Leave out the pictures and copy the remaining records exactly.

=== Material for this exercise ===
++++++++++

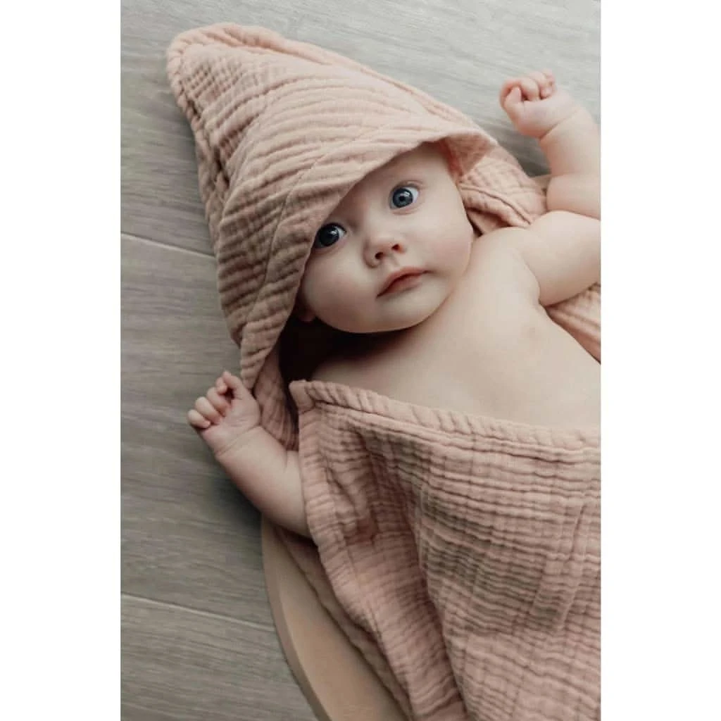 Natruba Muslin Baby Hooded Bath Towel. High-quality 4-layer 100% organic muslin. Produced in a GOTS certified factory. Soft and breathable, with great absorbency and durability.
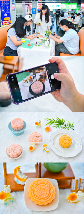 活动现场还布置了充满节日氛围的拍照布景,同学们将作品放在小巧精致的瓷盘里拍照分享,准备将这份承载心意的手作礼物与老师、亲友分享。航空港校区电子工程学院的张同学兴奋地说:“我选择的模具是校徽和玉兔,做出来的月饼既有学校特色又应景!”龙泉校区管理学院的刘同学则现场品尝了香甜的月饼:“第一次吃自己做的月饼,感觉格外好吃!”活动在浓郁饼香与融融笑语中温暖落幕,这份甜蜜的体验也成为秋日校园中一段值得珍藏的记忆。
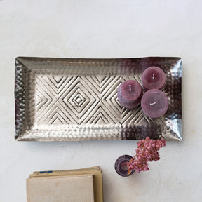 Intentionally curate an elegant, storied space with our thoughtfully crafted collection of trays and pedestals. Peruse a vast selection of unique, display-worthy pieces designed to individualize a space of any style including trugs, catch-all's, vanity trays, handled trays, tiered trays, footed trays, decorative pedestals, and so much more. Choose from a wide array of materials from solid wood and genuine marble to aluminum and leather, and styles from classic farmhouse and mid-century modern to vintage glam and boho. Create a customized arrangement of treasures and trinkets on a mantelpiece, bookshelf, or dresser for a personalized display full of color and texture. This global-inspired aluminum tray showcases an intricately stamped geometric pattern in a shimmering finish. Display in a living space of any style from cottage to transitional. Top with a collection of decorative accents. Made from aluminum.
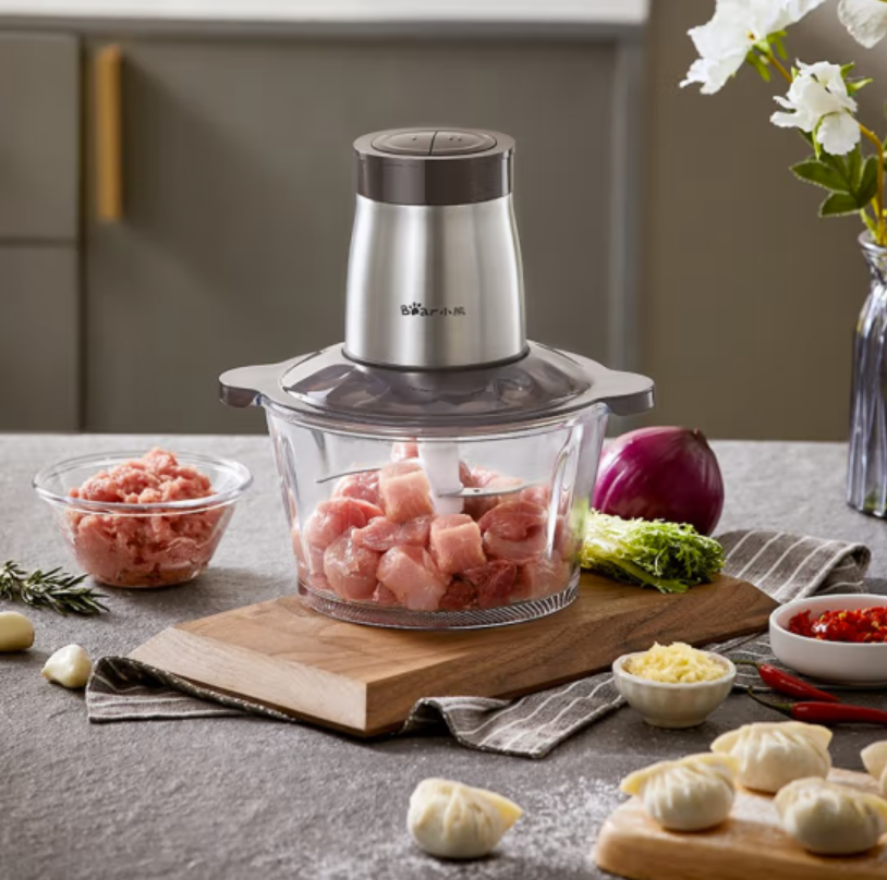 小熊(Bear)绞肉机家用电动多功能肉馅机婴儿辅食打肉机搅拌切菜 玻璃碗不锈钢刀头QSJ-D03W5 淘气
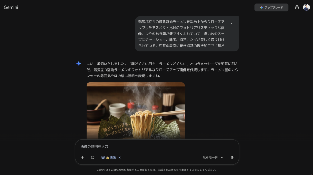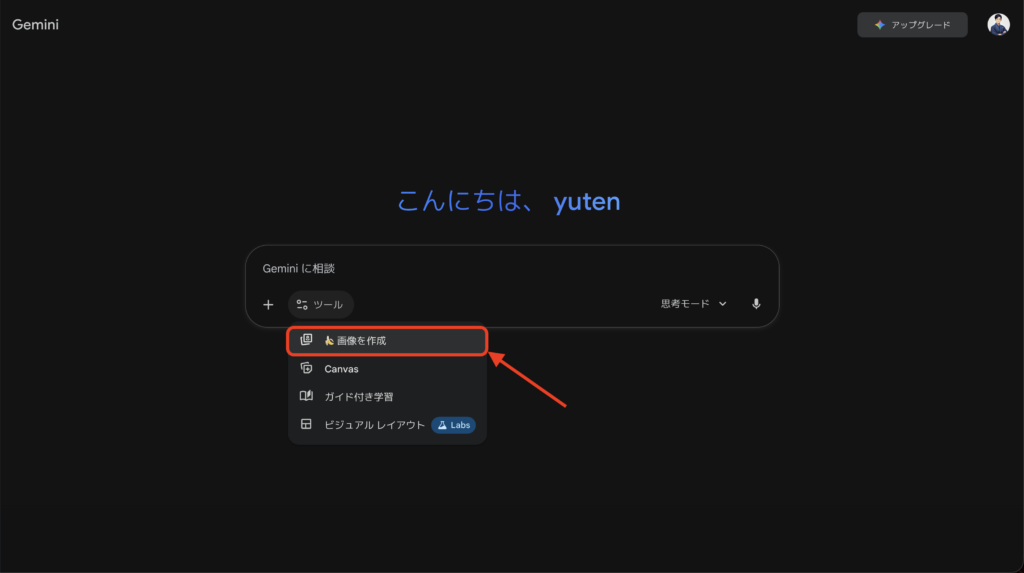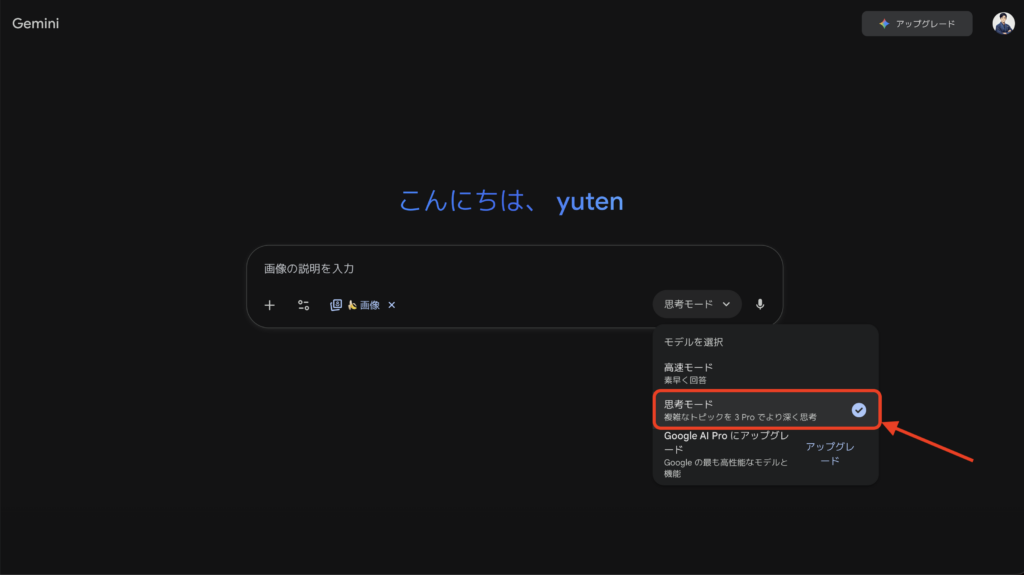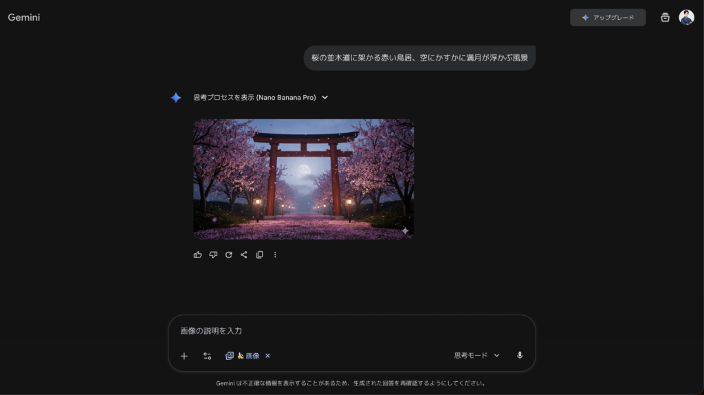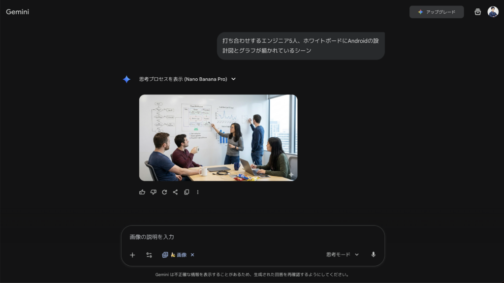 使い方といっても簡単で、Geminiアプリへアクセスし、「画像を作成(Create image)」を選び、Nano Banana Pro対応「思考モード(Thinking)」のモデルを選択するだけで利用することができます。
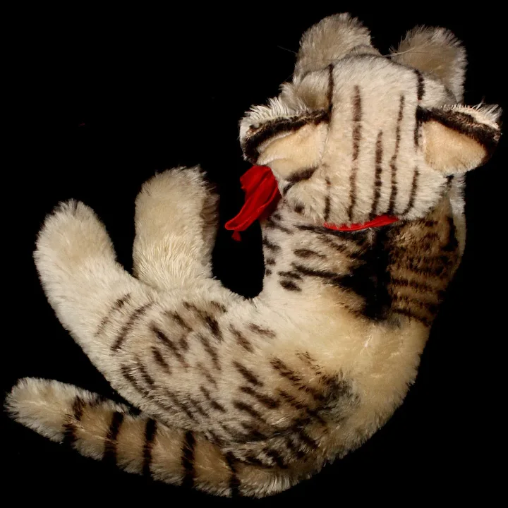 This almost-life size cat is the largest of three sisters. You know that from Fiffy’s article number 2325.00, in which the “25” indicates her size in centimeters. That entire number is totally legible on Fiffy’s flag, even though it has faded somewhat.
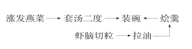 (2)烩羹成菜:将虾脑切成石榴粒状,用80℃油温拉油至刚熟时捞起。空锅上火,下上汤400克,虾脑、绍酒及余下所有调料烧沸,用湿淀粉勾流芡下芝麻油包尾拌匀,出锅盛在燕菜上即成。

++++++++++

=== Response for this exercise ===
 Natruba Muslin Baby Hooded Bath Towel. High-quality 4-layer 100% organic muslin. Produced in a GOTS certified factory. Soft and breathable, with great absorbency and durability.
 活动现场还布置了充满节日氛围的拍照布景,同学们将作品放在小巧精致的瓷盘里拍照分享,准备将这份承载心意的手作礼物与老师、亲友分享。航空港校区电子工程学院的张同学兴奋地说:“我选择的模具是校徽和玉兔,做出来的月饼既有学校特色又应景!”龙泉校区管理学院的刘同学则现场品尝了香甜的月饼:“第一次吃自己做的月饼,感觉格外好吃!”活动在浓郁饼香与融融笑语中温暖落幕,这份甜蜜的体验也成为秋日校园中一段值得珍藏的记忆。
 Intentionally curate an elegant, storied space with our thoughtfully crafted collection of trays and pedestals. Peruse a vast selection of unique, display-worthy pieces designed to individualize a space of any style including trugs, catch-all's, vanity trays, handled trays, tiered trays, footed trays, decorative pedestals, and so much more. Choose from a wide array of materials from solid wood and genuine marble to aluminum and leather, and styles from classic farmhouse and mid-century modern to vintage glam and boho. Create a customized arrangement of treasures and trinkets on a mantelpiece, bookshelf, or dresser for a personalized display full of color and texture. This global-inspired aluminum tray showcases an intricately stamped geometric pattern in a shimmering finish. Display in a living space of any style from cottage to transitional. Top with a collection of decorative accents. Made from aluminum.
 小熊(Bear)绞肉机家用电动多功能肉馅机婴儿辅食打肉机搅拌切菜 玻璃碗不锈钢刀头QSJ-D03W5 淘气
 使い方といっても簡単で、Geminiアプリへアクセスし、「画像を作成(Create image)」を選び、Nano Banana Pro対応「思考モード(Thinking)」のモデルを選択するだけで利用することができます。
 This almost-life size cat is the largest of three sisters. You know that from Fiffy’s article number 2325.00, in which the “25” indicates her size in centimeters. That entire number is totally legible on Fiffy’s flag, even though it has faded somewhat.
 (2)烩羹成菜:将虾脑切成石榴粒状,用80℃油温拉油至刚熟时捞起。空锅上火,下上汤400克,虾脑、绍酒及余下所有调料烧沸,用湿淀粉勾流芡下芝麻油包尾拌匀,出锅盛在燕菜上即成。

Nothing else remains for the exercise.